Exercise objective —
In the reply, give back exactly the lines from the one with "Monet Jewelry Gold" through the last line of the records, without pictures.

Exercise inputs —
-- Opening Marker --

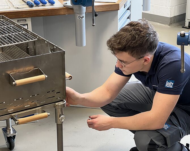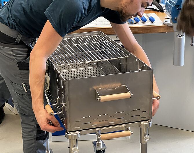 Die Leitz Auszubildenden haben die Aufgabe bekommen, zusammen einen Grill für die Feierlichkeiten des Unternehmens zu bauen. Dieser wird dann auch beim alljährlichen Grillfest der Lehrlinge zum Einsatz kommen.
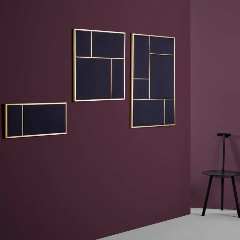 Nouveau Pin message board upgrades an ordinary pin board into a versatile design piece. The brass frame gives this modern pin board a luxurious outline, and the fabric coating offers a beautiful background for notes, photos and small messages. When empty, Noveau Pin functions as a minimalistic décor element, and the different colors and sizes of the collection combine flexibly together. The pin boards have an acoustic sound absorbing effect, and they can be used for creating a soft, pleasant acoustics into any space. Nouveau Pin collection was designed by All The Way To Paris for the Danish design brand PLEASE WAIT to be SEATED.
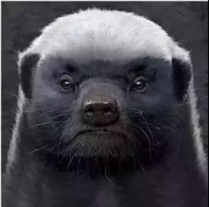 由于头部平坦,背上还长着一层白色毛发,像极了留寸头故意染白的江湖大哥,因此人们将蜜獾成为“平头哥”。从体型上看,蜜獾体型与一般獾的体型相差无几,顶天了身长一米;脑袋宽,鼻子短,眼睛小,再加上小短腿,安静的时候甚至还有种蠢萌感。
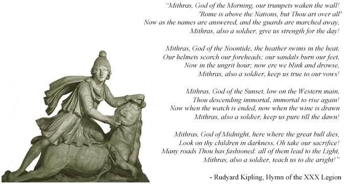 Mithras on syntynyt maailman aamuna ja elää kunnes viimeinenkin tähti on pudonnut taivaalta. Hän on jokainen mies ja ei mies lainkaan. Hän on kaikkivaltias ja pelastaja, kukistamaton, kosmoksen hallitsija (kosmokrator), taivaan piirien liikuttaja. Jumala joka syntyi ihmiseksi talvipäivänseisauksena, sikisi neitseellisesti kivestä maanalaisessa luolassa. Mithras vaelsi kaikkiin maan ääriin ja opetti ihmiskunnalle itsensä hallitsemista, paransi sairaita ja suoritti ihmetekoja. Hänen opetuslapsensa täydellistivät hänen opettamansa eettisen järjestelmän ja todistivat herransa laskeutumisen manalaan ja ylösnousemuksen taivaaseen.
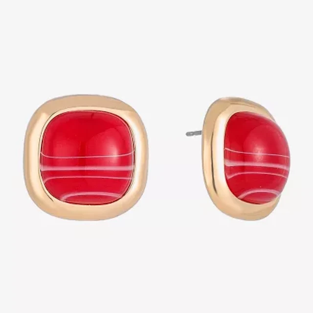 Monet Jewelry Gold Tone Red 19mm Cushion Stud Earrings
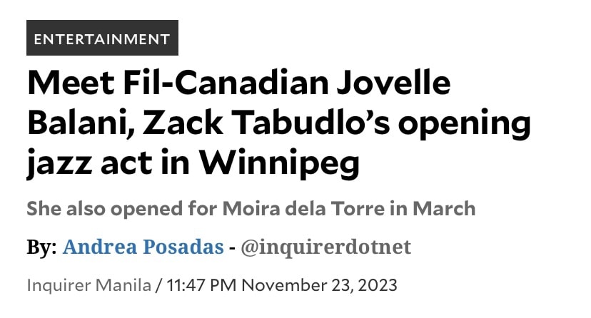 Jovelle Balani is a Filipino-Canadian singer, songwriter, and performing artist. With her soulful voice and unique style, she has been carving a name for herself in the local and international music scene. She draws inspiration from Norah Jones, Amy Winehouse, and Scott Bradlee's Postmodern Jukebox to name a few.
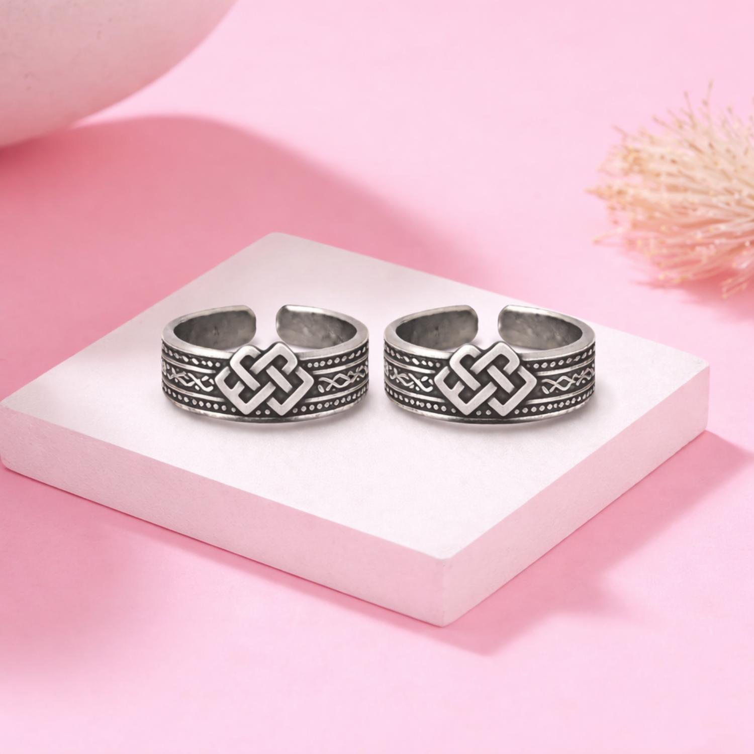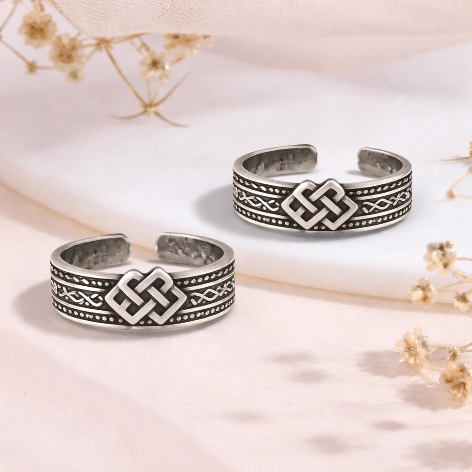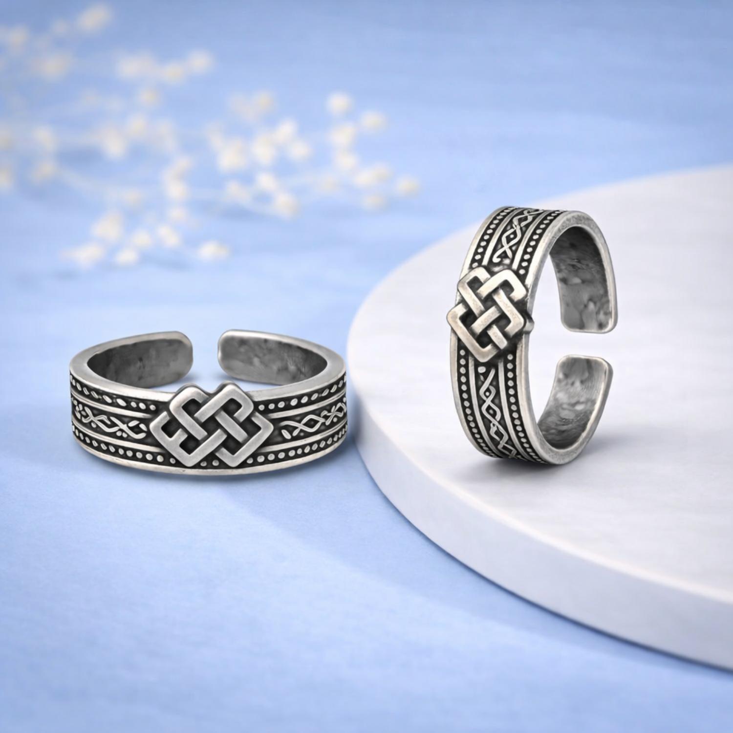 This elegant toe ring features a classic Celtic knot motif crafted in solid 925 sterling silver, symbolizing eternity and interconnectedness. Accented with an oxidized engraved band, the adjustable open design ensures a comfortable fit while adding a bold yet refined tribal appeal. Perfect for everyday wear, boho styling, or meaningful gifting.
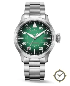 A Pilot watch with a vintage-inspired 36mm case, crafted from stainless steel featuring a green dial with a unique sunburst gradient finish.

-- Closing Marker --

Exercise solution —
 Monet Jewelry Gold Tone Red 19mm Cushion Stud Earrings
 Jovelle Balani is a Filipino-Canadian singer, songwriter, and performing artist. With her soulful voice and unique style, she has been carving a name for herself in the local and international music scene. She draws inspiration from Norah Jones, Amy Winehouse, and Scott Bradlee's Postmodern Jukebox to name a few.
 This elegant toe ring features a classic Celtic knot motif crafted in solid 925 sterling silver, symbolizing eternity and interconnectedness. Accented with an oxidized engraved band, the adjustable open design ensures a comfortable fit while adding a bold yet refined tribal appeal. Perfect for everyday wear, boho styling, or meaningful gifting.
 A Pilot watch with a vintage-inspired 36mm case, crafted from stainless steel featuring a green dial with a unique sunburst gradient finish.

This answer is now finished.